Abandon : l’amour, et le désir authentique de faire la volonté de Dieu, sont conjointement la source d’où jaillit l’abandon ; il n’est pas une vertu supplémentaire à pratiquer, il est une grâce faite à ceux et celles qui se mettent délibérément et humblement à la suite du Christ. Ceux-là ne se préoccupent plus d’eux-mêmes. Ils sont conscients de leur pauvreté, de leur « néant ». Ils en font l’espace intérieur de l’accueil de Dieu.

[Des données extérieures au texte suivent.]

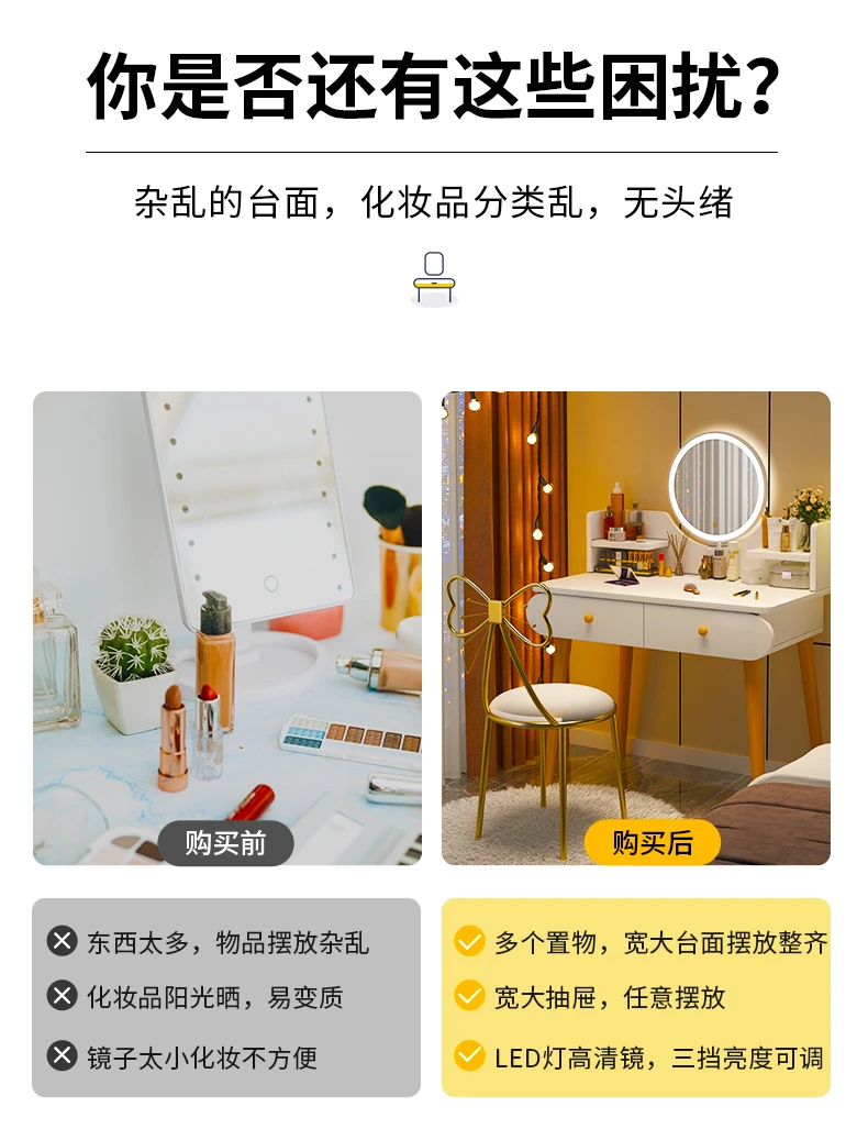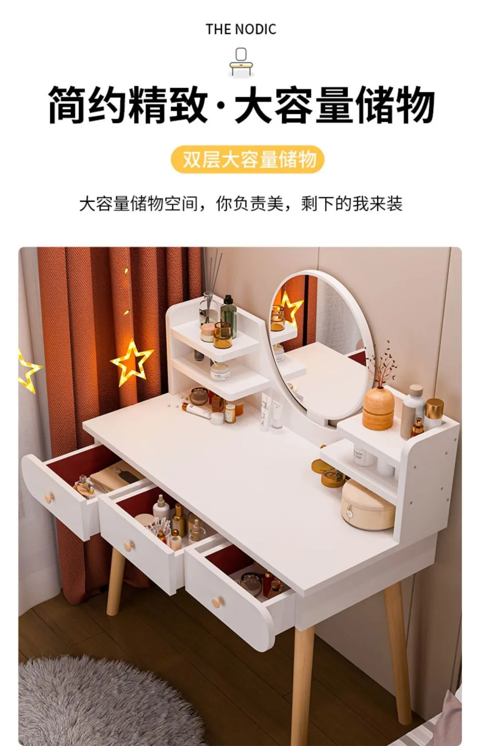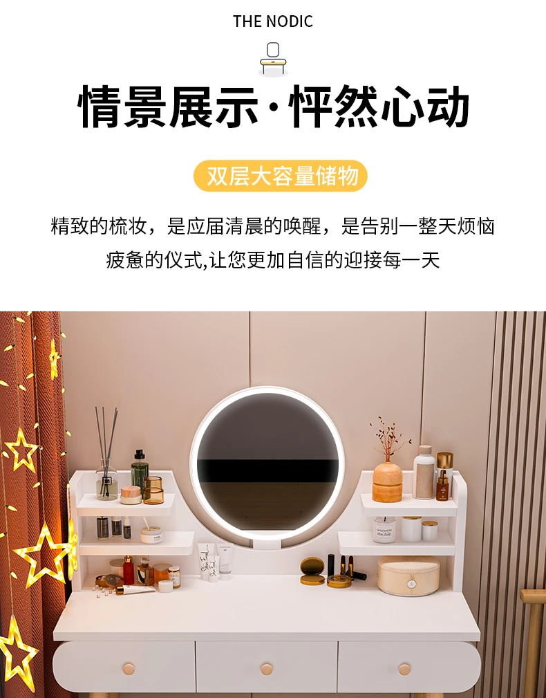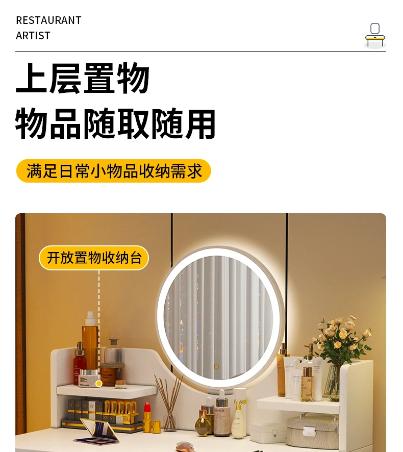 梳妆台卧室简约现代网红化妆桌带灯镜子一体新款小户型高级化妆台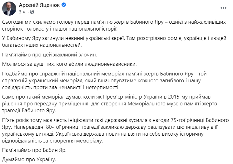 Экс-премьер Арсений Яценюк написал развернутый пост о Бабьем Яре и Холокосте, но также решил не упоминать, кто же все-таки его устроил и когда. Называя виновников трагедии максимально неконкретно - "человеконенавистники". .png)

« L’abandon véritable, la remise de tout soi-même à Dieu, c’est normalement et mystiquement rentrer dans son néant, retourner en Dieu, vrai lieu de notre origine, pour être créé à nouveau, d’une manière toute divine ».
Pour ceux qui sont appelés à une vie apostolique, cet abandon prend une tonalité toute particulière : il s’agit pour eux de « travailler uniquement au salut des âmes, en sacrifiant leurs propres intérêts, sans se mettre en peine de ce qu’ils doivent devenir un jour ».
« Beaucoup de personnes veulent bien servir Dieu, mais la plupart ne veulent pas que Dieu se serve d’elles ! ». Or c’est là une disposition fondamentale pour ceux et celles qui sont appelés à une vie d’apôtre. « Il faut être dans la main de l’écrivain comme le pinceau dans celle du peintre ».
Voilà l’obéissance de ceux qui, par amour, se mettent au service de l’annonce de l’Évangile. Ils n’ont plus à se préoccuper de leur avancée sur le chemin de la sainteté. Dieu s’en charge. « Il suffit de se présenter à Dieu, de vouloir être à lui, et après cela nous juger indignes d’être ses favoris et ses bien-aimés, et nous appliquer à servir, façonner, cultiver ceux qu’il appelle à devenir ses enfants ».

Souvent on trouve réunies dans les écrits spirituels de Nicolas Barré les trois voies inséparables de la sainteté : Amour, Obéissance, Abandon. Citons un dernier texte qui s’adresse à une jeune fille :

Estimez les souffrances, les humiliations, les mépris, les contradictions, comme autant de dons et de moyens pour avancer dans le saint amour, et vous plonger dans l’abîme divin de l’humilité et de l’obéissance. Peu à peu, ils vous feront passer en Dieu sans que vous le sachiez, car si vous le saviez, vous seriez en vous-même en pensant être en Dieu.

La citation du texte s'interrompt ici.